Assignment
Pictures aside, copy exactly each line from the one that holds "Destroyed Cargo ship" through the last line of the records below.

Dataset excerpts
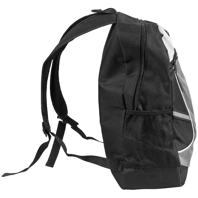 A mochila possui alças com regulagem para adequar a distância entre os ombros e os quadris além de um ótimo espaço interno composto por dois compartimentos independentes com zíper, proporcionando uma melhor organização dos objetos. Apresenta saída para fones de ouvido, bolsos laterais com rede elástica e duas tiras refletivas no corpo da mochila e também na logomarca, garantindo segurança no uso noturno. As costas e alças foram confeccionadas com espuma para maior conforto em sua utilização além da opção de alça de mão, para um transporte prático.
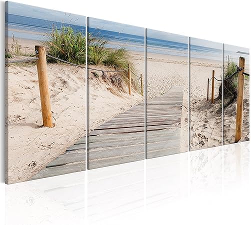 Runa Art Quadri Spiaggia Palme 200 X 100 Cm 5 Pezzi Xxl Decorazione Murale Design Blu Beige 603351a Amazon It Casa E Cucina
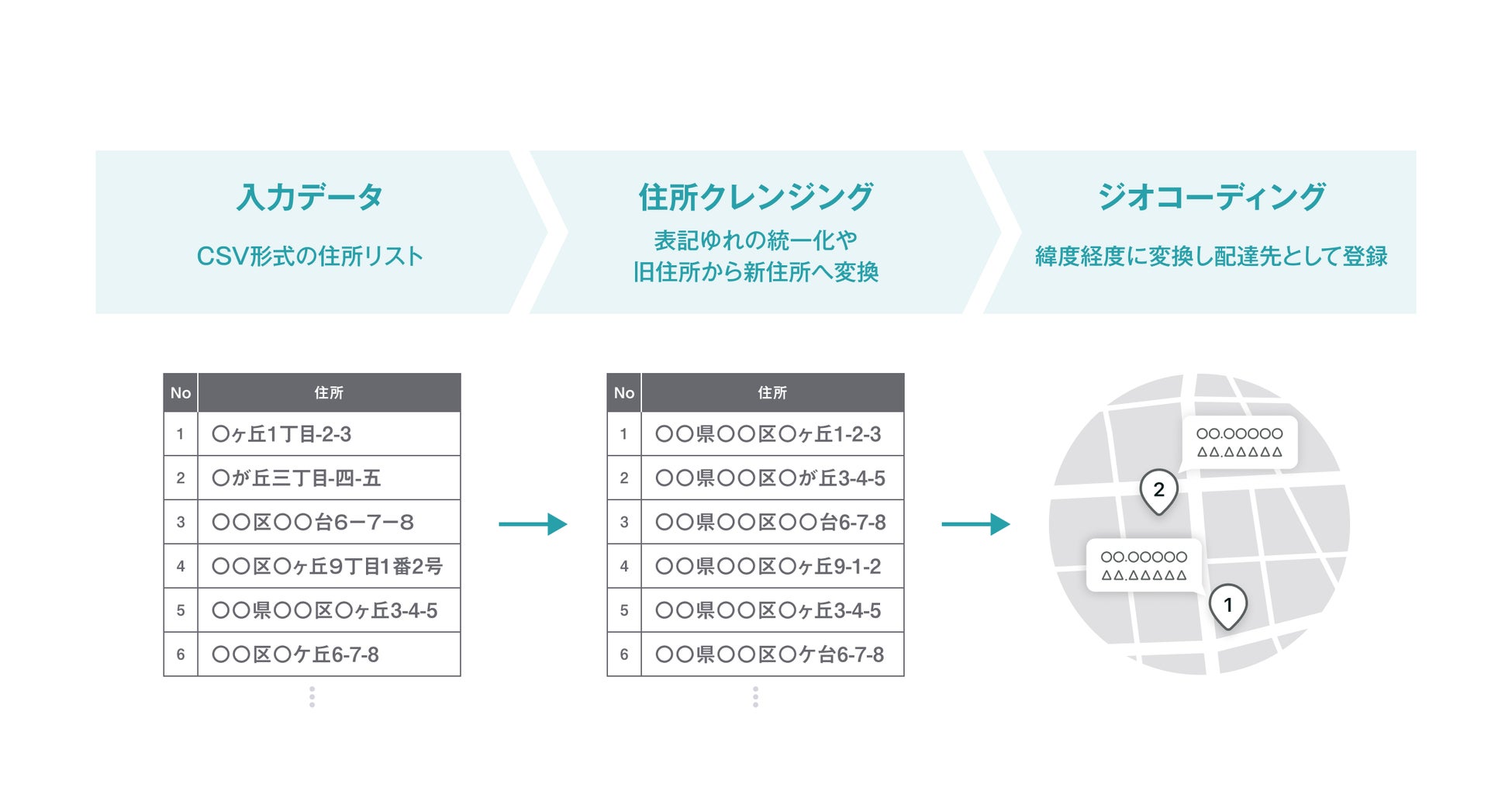~住所リストのCSVインポートに対応!独自のジオコーディング技術で正確な配達先を登録でき、業務効率化を支援~
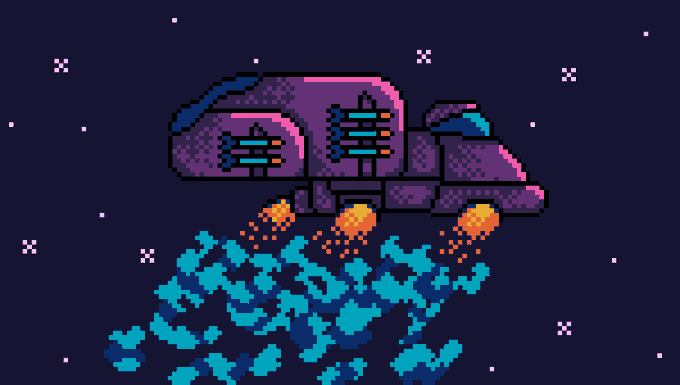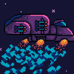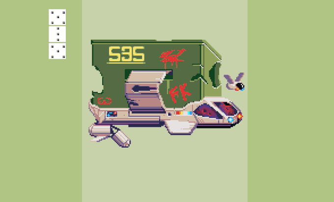 Destroyed Cargo ship with several shields #RandomSpaceshipGenerator for #pixel_dailies Assets and story inspired by the recent game I took part in: Block Force Play and rate! itch.io/jam/brackeys-6… #BrackeysGameJam #res64 by @KerrieLake #ドット絵 #pixel #pixelart #aseprite
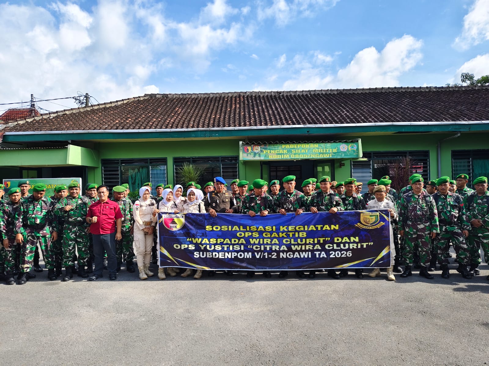 NGAWI, BUSERJATIM.COM GROUP – Dalam upaya meningkatkan disiplin dan kepatuhan hukum prajurit, Kodim 0805/Ngawi bersama Subdenpom Ngawi menyelenggarakan sosialisasi kegiatan Operasi Penegakan Ketertiban (Ops Gaktib) bertajuk “Waspada Wira Clurit” serta Operasi Yustisi. Kegiatan tersebut digelar di aula Makodim 0805/Ngawi dan diikuti oleh seluruh anggota militer maupun PNS di lingkungan Kodim serta anggota Subdenpom Ngawi. Rabu (18/2/2026).

Result of this exercise
 Destroyed Cargo ship with several shields #RandomSpaceshipGenerator for #pixel_dailies Assets and story inspired by the recent game I took part in: Block Force Play and rate! itch.io/jam/brackeys-6… #BrackeysGameJam #res64 by @KerrieLake #ドット絵 #pixel #pixelart #aseprite
 NGAWI, BUSERJATIM.COM GROUP – Dalam upaya meningkatkan disiplin dan kepatuhan hukum prajurit, Kodim 0805/Ngawi bersama Subdenpom Ngawi menyelenggarakan sosialisasi kegiatan Operasi Penegakan Ketertiban (Ops Gaktib) bertajuk “Waspada Wira Clurit” serta Operasi Yustisi. Kegiatan tersebut digelar di aula Makodim 0805/Ngawi dan diikuti oleh seluruh anggota militer maupun PNS di lingkungan Kodim serta anggota Subdenpom Ngawi. Rabu (18/2/2026).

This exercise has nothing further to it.